Methods: In the Limpopo Province of South Africa, we recruited 247 VhaVenda South African men and selected 50 paired blood serum and semen samples, and 47 Greenlandic Inuit blood and semen paired samples were selected from a total of 193 samples from the biobank of the INUENDO cohort, an EU Fifth Framework Programme Research and Development project. Sample selection was based on obtaining a range of p,p’-DDE serum levels (mean = 870.734 +/- 134.030 ng/mL). We assessed the sperm epigenome in relation to serum p,p’-DDE levels using MethylC-Capture-sequencing (MCC-seq) and chromatin immunoprecipitation followed by sequencing (ChIP-seq). We identified genomic regions with altered DNA methylation (DNAme) and differential enrichment of histone H3 lysine 4 trimethylation (H3K4me3) in sperm.

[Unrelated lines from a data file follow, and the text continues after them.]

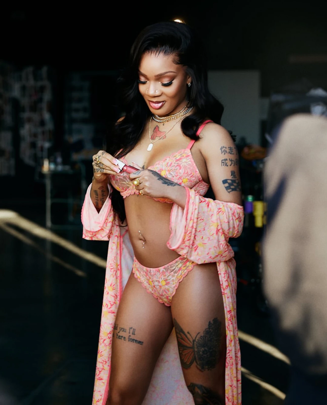 Adding to her growing list of accomplishments, GloRilla has become the first-ever ambassador across all of Rihanna’s Fenty brands: Fenty Beauty, Fenty Hair, Fenty Skin, and Savage x Fenty. Now, she’s turning heads with the release of Fenty’s new Sunray Lace collection, where she flawlessly showcases a lace plunge bra, thong, and robe that perfectly complement her signature butterfly thigh tattoo. The collection, available now on Fenty’s website, ranges from $25 to $95.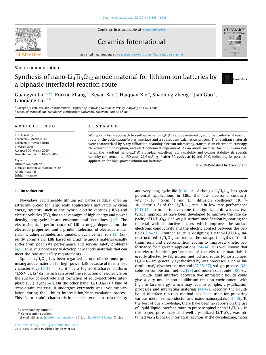 Guangyin Liu a,nn, Ruixue Zhang a, Keyan Bao a, Haiquan Xie a, Shaolong Zheng a, Jiali Guo a, Guoqiang Liu b,n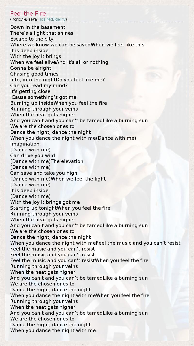 А как ты думаешь, о чем песня "Feel the Fire" ?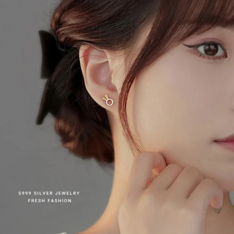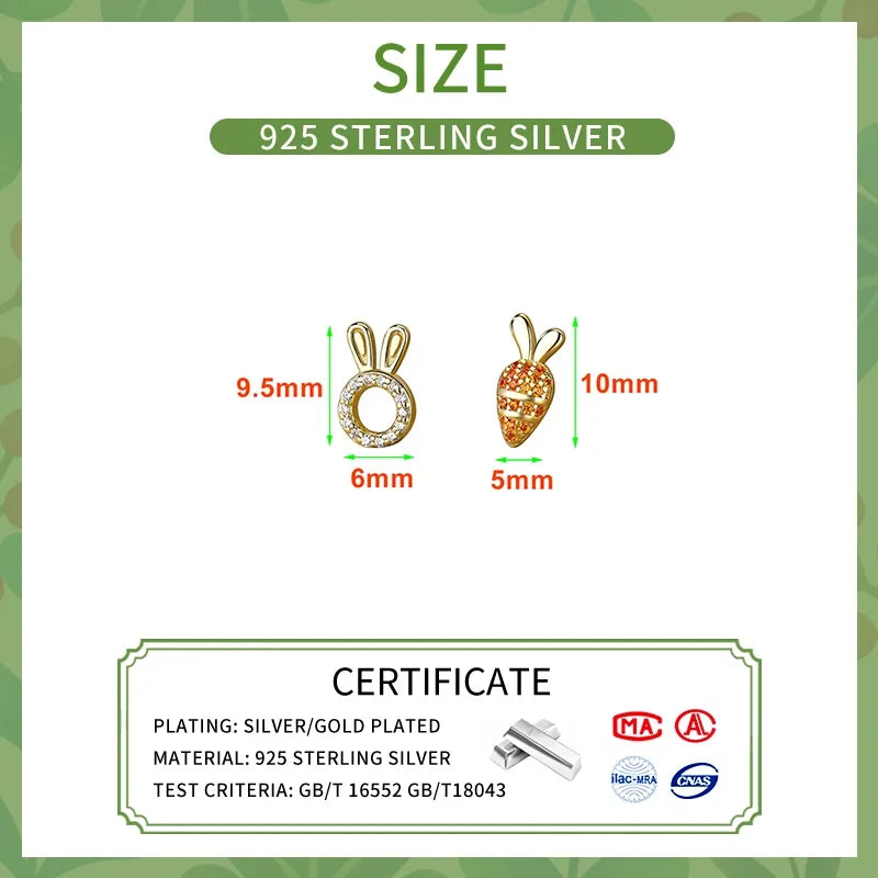INZATT Real 925 Sterling Silver Zircon Carrot Rabbit Mini Stud Earrings for Women Cute Fine Jewelry 2024 Trendy Accessories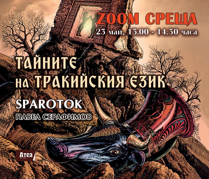 Издателство АТЕА организира Zoom среща „Тайните на тракийския език“, с участието на изследователя на тракийската цивилизация и автор на двете книги от поредицата „Тайните на тракийския език“ – „Посланията на древните надписи“ и „Орфей проговаря“ Павел Серафимов.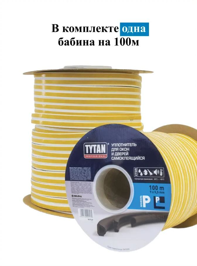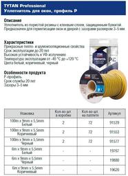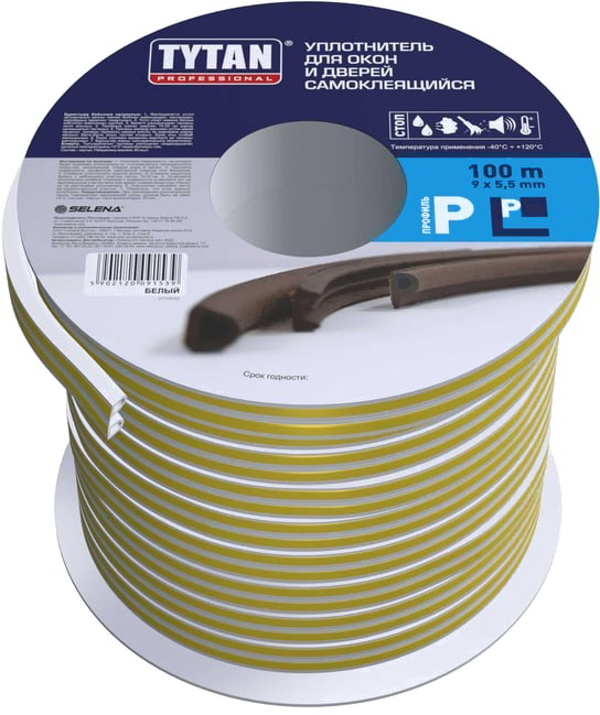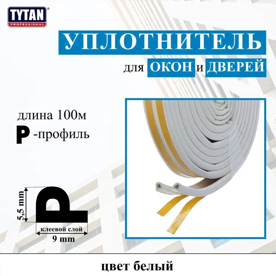 Лента уплотнительная Tytan Professional P-профиль 100мx9ммx5.5мм / 91539 (100м, белый)

Results: Differences in DNAme and H3K4me3 enrichment were identified at transposable elements and regulatory regions involved in fertility, disease, development, and neurofunction. A subset of regions with sperm DNAme and H3K4me3 that differed between exposure groups was predicted to persist in the preimplantation embryo and to be associated with embryonic gene expression.

Discussion: TThese findings suggest that DDT and p,p’–DDE exposure impacts the sperm epigenome in a dose–response-like manner and may negatively impact the health of future generations through epigenetic mechanisms. Confounding factors, such as other environmental exposures, genetic diversity, and selection bias, cannot be ruled out.